Those of skill would further appreciate that the various illustrative elements and algorithm steps described in connection with the embodiments disclosed herein may be implemented as electronic hardware, computer software, or combinations of both, and that the various illustrative elements and steps are described above generally in terms of functionality in order to clearly illustrate the interchangeability of hardware and software. Whether such functionality is implemented as hardware or software depends upon the particular application and design constraints imposed on the solution. Skilled artisans may implement the described functionality in varying ways for each particular application, but such implementation decisions should not be interpreted as causing a departure from the scope of the present invention.

The previous description of the disclosed embodiments is provided to enable any person skilled in the art to make or use the present invention. Various modifications to these embodiments will be readily apparent to those skilled in the art, and the generic principles defined herein may be applied to other embodiments without departing from the spirit or scope of the invention. Thus, the present invention is not intended to be limited to the embodiments shown herein but is to be accorded the widest scope consistent with the principles and novel features disclosed herein.

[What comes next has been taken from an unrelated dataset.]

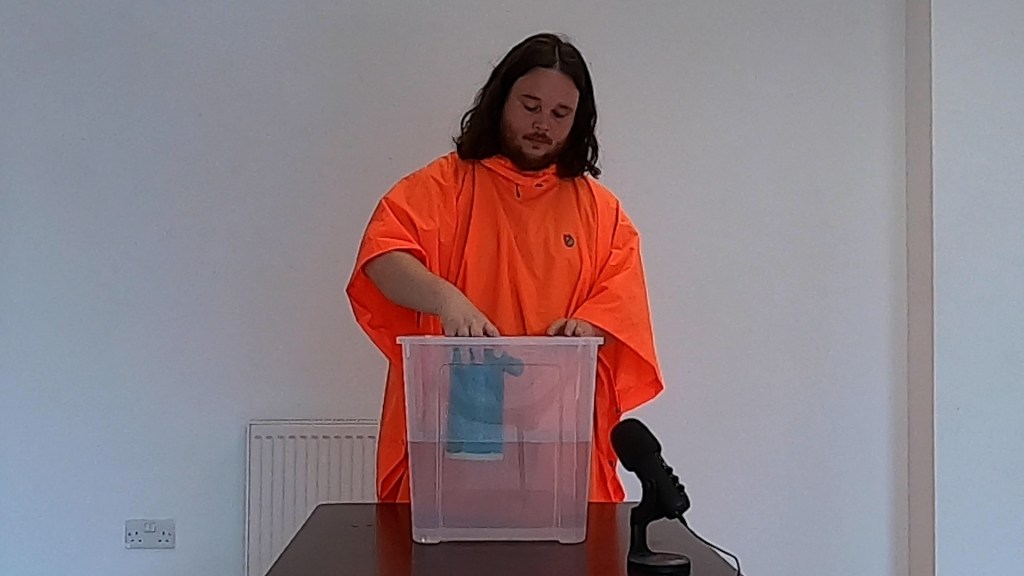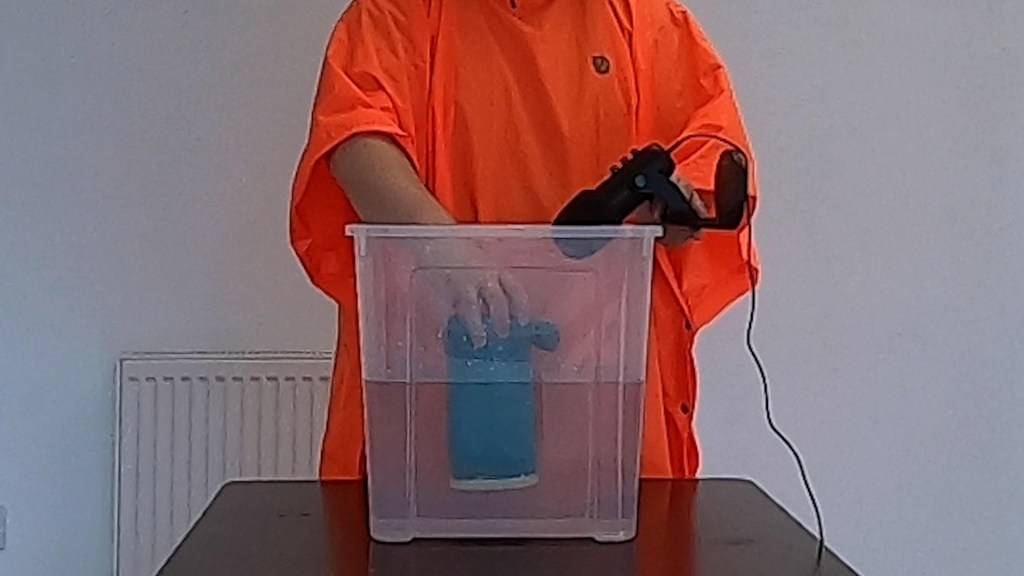 The sound is produced by plunging the vessel into water. The trapped air builds pressure and is expelled through a whistle. Pnuema appears to mimic breathing as it is drawn from and pushed into water.

The foregoing is merely a preferred embodiment of the present invention and it should be noted that modifications and adaptations to those skilled in the art may be made without departing from the principles of the present invention, which are intended to be comprehended within the scope of the present invention.

Claims

1. The multi-mode contrast learning sample construction method based on hierarchical clustering is characterized by comprising the following steps of:

according to the target cluster centroid of the target clusters and the supervision information of the anchoring samples, traversing the hierarchical cluster map by taking the position of the target clusters in the hierarchical cluster map as a starting position, and determining at least one positive cluster and at least one divergent cluster corresponding to the anchoring samples from the hierarchical cluster map;

Generating a plurality of comparison sample pairs according to the anchoring samples, the target clusters, positive samples in each positive cluster and negative samples in each negative cluster so as to train a model by using the comparison samples;

clustering each sample according to the supervision information of each sample obtained by processing the original multi-modal data to obtain each cluster, including: preprocessing the acquired original multi-mode data to obtain a sample set; wherein the sample set comprises a plurality of samples and their associated other modality data; for each sample, extracting at least one piece of supervision information from the other modal data associated with the sample according to an extraction mode matched with the data type of the other modal data associated with the sample; generating a corresponding supervision information vector according to the supervision information corresponding to the sample, and storing the supervision information vector in a lasting manner; performing unsupervised grouping on each sample in the sample set according to the supervision information in the supervision information vector corresponding to each sample to obtain a plurality of clusters, wherein the clusters at least comprise cluster centroids, and the cluster centroids are a combination of the supervision information;

For each sample, extracting at least one kind of supervision information from the other modal data associated with the sample according to an extraction mode matched with the data type of the other modal data associated with the sample, wherein the extraction mode comprises the following steps: for each sample, if the data type of the other modal data associated with the sample is a text type of unstructured type, extracting at least one kind of supervision information from the other modal data associated with the sample based on a natural language processing method; if the data type of the other mode data associated with the sample is a non-numerical structured type, extracting at least one kind of supervision information from the other mode data associated with the sample based on a preset rule; and if the data type of the other mode data associated with the sample is a numerical structured type, extracting at least one initial keyword from the other mode data associated with the sample based on the preset rule, and converting each initial keyword into the supervision information of the component type.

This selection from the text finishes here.